Find the line containing "anzeigen | |", then print it and each line after it through the end of the listing exactly, with no pictures.
▽
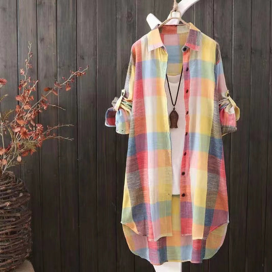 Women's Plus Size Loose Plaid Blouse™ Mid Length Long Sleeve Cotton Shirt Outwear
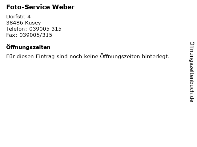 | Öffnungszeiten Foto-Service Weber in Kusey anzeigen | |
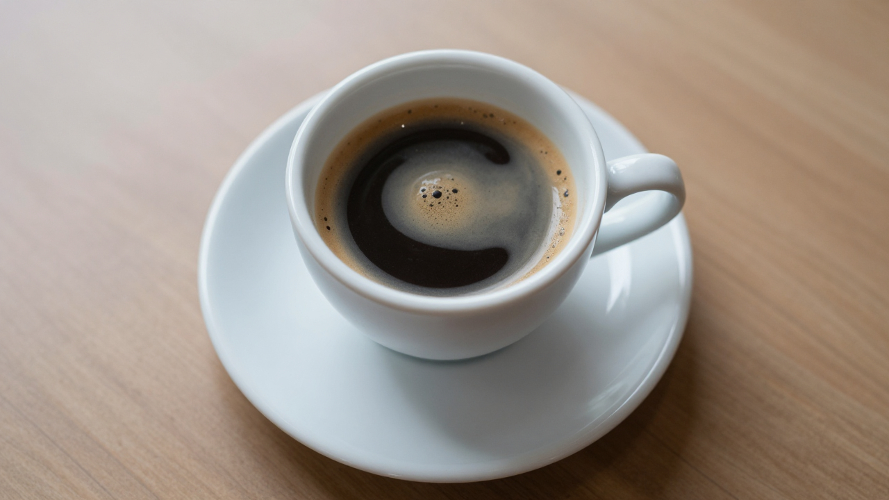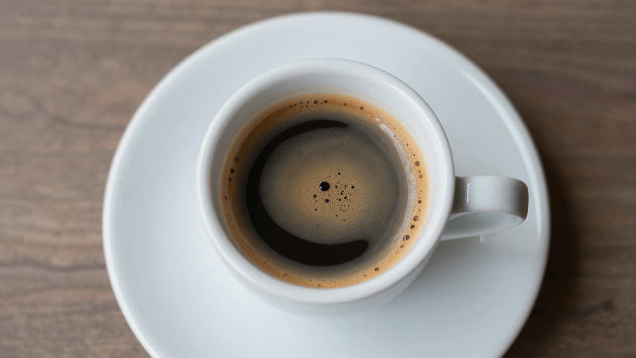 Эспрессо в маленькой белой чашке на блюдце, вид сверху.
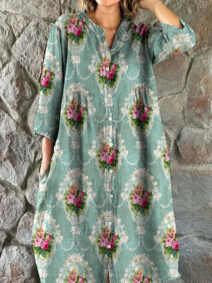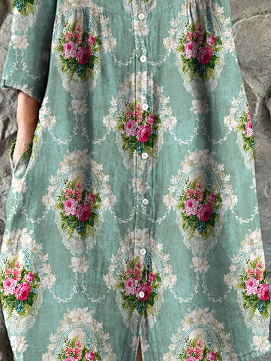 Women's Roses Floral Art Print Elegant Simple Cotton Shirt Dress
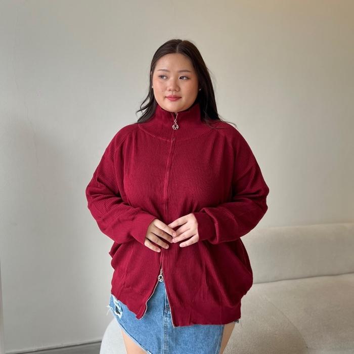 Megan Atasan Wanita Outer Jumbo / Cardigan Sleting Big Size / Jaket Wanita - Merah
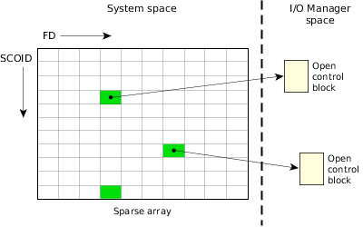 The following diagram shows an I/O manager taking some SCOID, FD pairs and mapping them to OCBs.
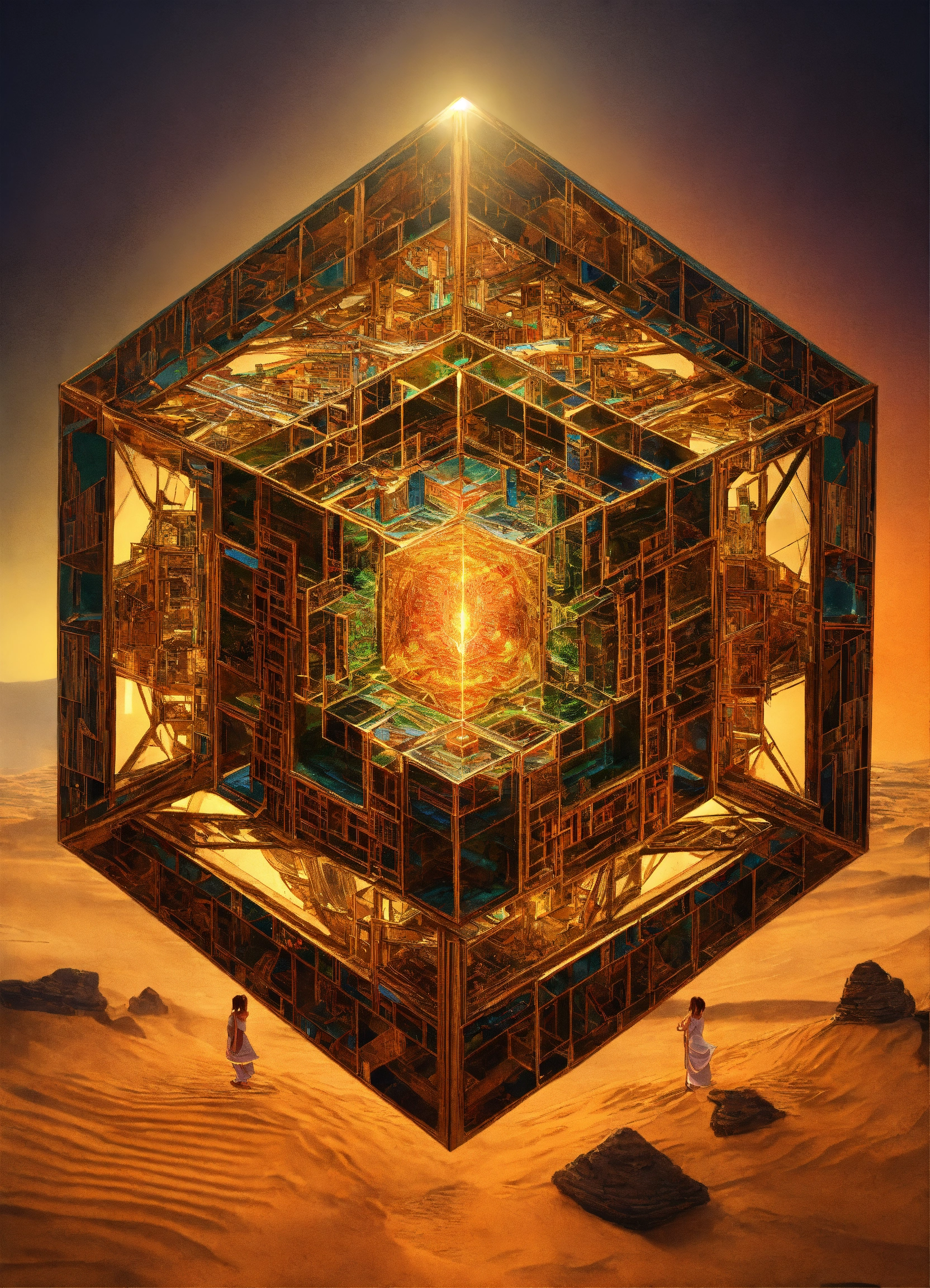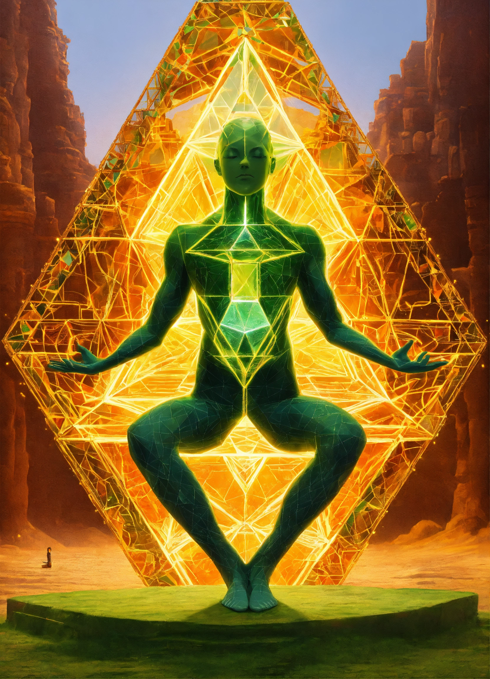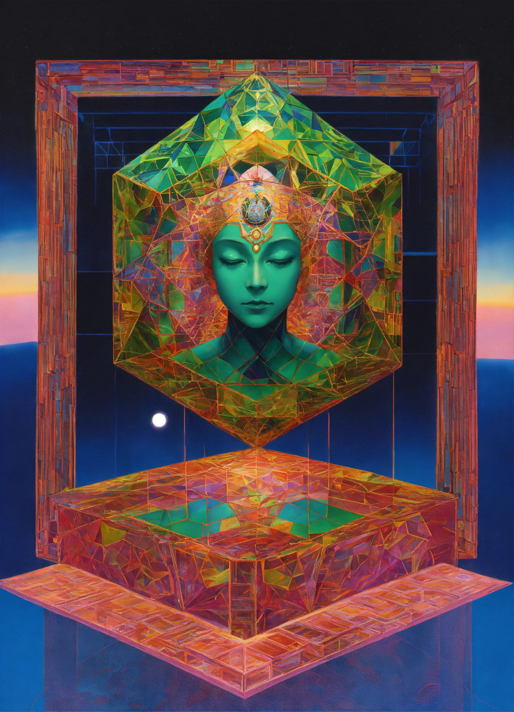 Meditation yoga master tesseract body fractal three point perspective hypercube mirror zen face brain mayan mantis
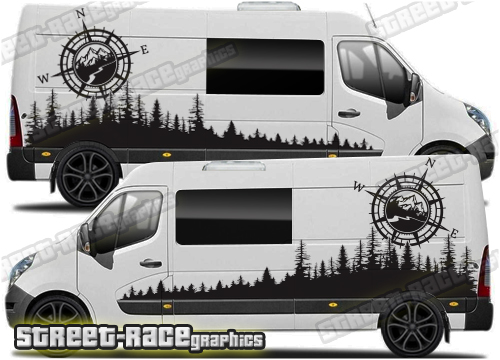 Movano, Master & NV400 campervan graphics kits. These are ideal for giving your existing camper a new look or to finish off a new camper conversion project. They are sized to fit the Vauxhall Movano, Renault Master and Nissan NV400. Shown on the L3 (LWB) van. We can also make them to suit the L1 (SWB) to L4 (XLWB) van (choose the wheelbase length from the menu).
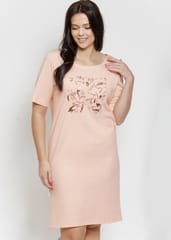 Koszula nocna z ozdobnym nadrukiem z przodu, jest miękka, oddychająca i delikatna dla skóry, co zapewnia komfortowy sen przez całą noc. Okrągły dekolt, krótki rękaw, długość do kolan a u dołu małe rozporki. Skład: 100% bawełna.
△
- **Answer box**
 | Öffnungszeiten Foto-Service Weber in Kusey anzeigen | |
 Эспрессо в маленькой белой чашке на блюдце, вид сверху.
 Women's Roses Floral Art Print Elegant Simple Cotton Shirt Dress
 Megan Atasan Wanita Outer Jumbo / Cardigan Sleting Big Size / Jaket Wanita - Merah
 The following diagram shows an I/O manager taking some SCOID, FD pairs and mapping them to OCBs.
 Meditation yoga master tesseract body fractal three point perspective hypercube mirror zen face brain mayan mantis
 Movano, Master & NV400 campervan graphics kits. These are ideal for giving your existing camper a new look or to finish off a new camper conversion project. They are sized to fit the Vauxhall Movano, Renault Master and Nissan NV400. Shown on the L3 (LWB) van. We can also make them to suit the L1 (SWB) to L4 (XLWB) van (choose the wheelbase length from the menu).
 Koszula nocna z ozdobnym nadrukiem z przodu, jest miękka, oddychająca i delikatna dla skóry, co zapewnia komfortowy sen przez całą noc. Okrągły dekolt, krótki rękaw, długość do kolan a u dołu małe rozporki. Skład: 100% bawełna.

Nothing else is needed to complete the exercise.